DATA FOR ANALYSIS:
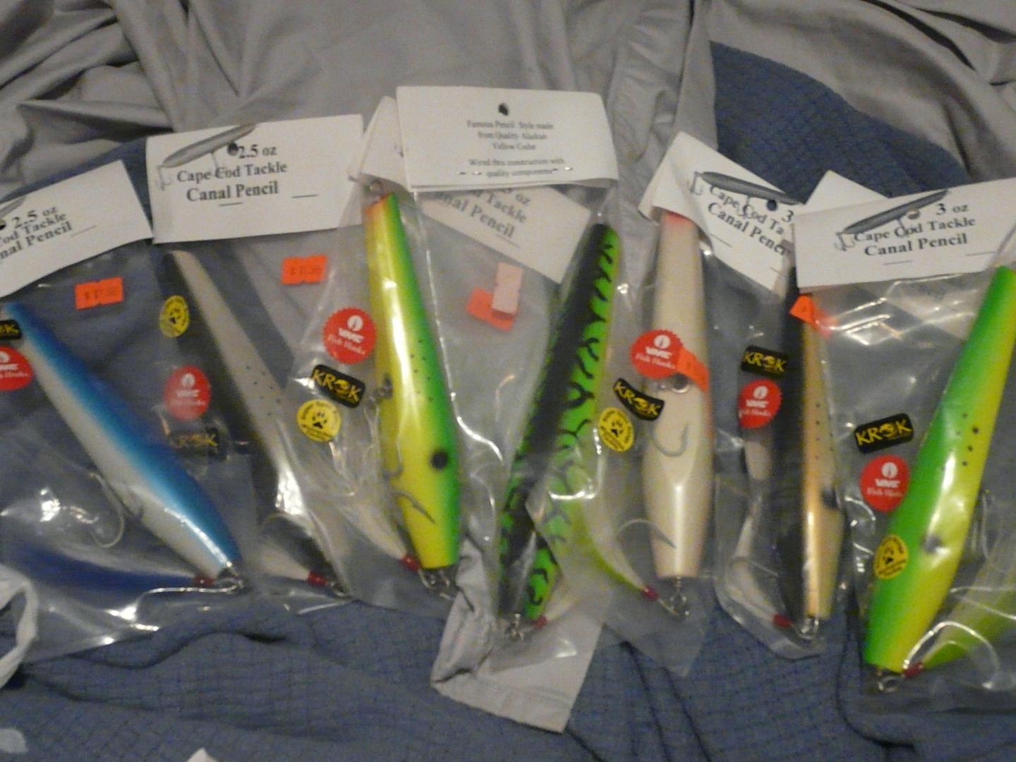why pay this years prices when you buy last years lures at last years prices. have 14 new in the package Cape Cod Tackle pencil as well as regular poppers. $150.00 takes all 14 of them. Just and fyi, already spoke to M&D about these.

==

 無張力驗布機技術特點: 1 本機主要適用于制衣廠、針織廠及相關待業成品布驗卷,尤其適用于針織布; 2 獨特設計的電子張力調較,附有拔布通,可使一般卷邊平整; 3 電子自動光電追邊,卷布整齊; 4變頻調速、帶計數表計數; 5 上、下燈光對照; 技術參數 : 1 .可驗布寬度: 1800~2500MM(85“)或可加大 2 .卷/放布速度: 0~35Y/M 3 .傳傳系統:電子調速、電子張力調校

...

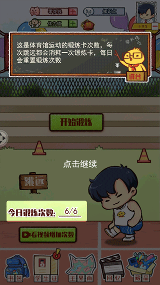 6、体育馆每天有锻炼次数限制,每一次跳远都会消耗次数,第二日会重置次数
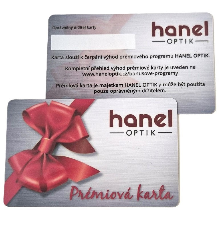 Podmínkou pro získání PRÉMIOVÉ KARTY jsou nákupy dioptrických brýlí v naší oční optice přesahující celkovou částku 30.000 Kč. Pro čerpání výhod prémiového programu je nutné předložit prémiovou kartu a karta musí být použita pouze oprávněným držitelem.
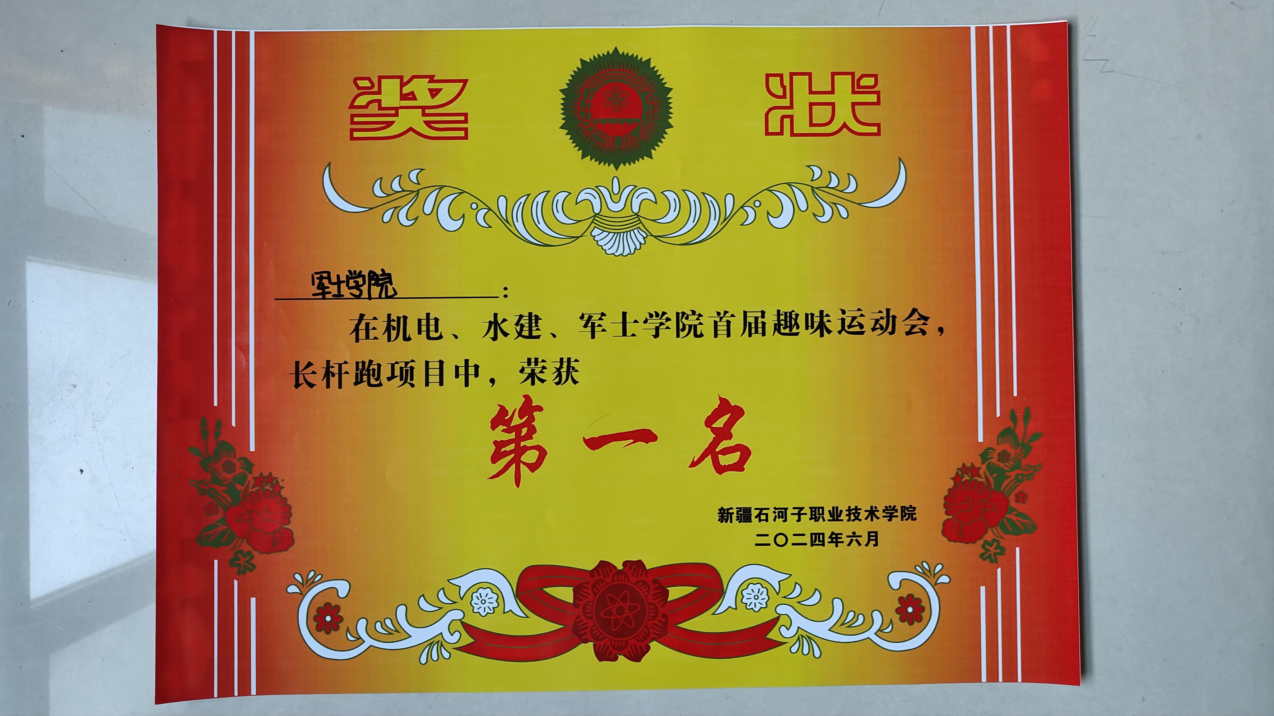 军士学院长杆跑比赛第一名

EXERCISE GOAL: Copy only these lines from the records above, exactly: the one with "Podmínkou pro získání", the one with "军士学院长杆跑比赛第一名", and those between. Skip the pictures.

TASK ANSWER:
 Podmínkou pro získání PRÉMIOVÉ KARTY jsou nákupy dioptrických brýlí v naší oční optice přesahující celkovou částku 30.000 Kč. Pro čerpání výhod prémiového programu je nutné předložit prémiovou kartu a karta musí být použita pouze oprávněným držitelem.
 军士学院长杆跑比赛第一名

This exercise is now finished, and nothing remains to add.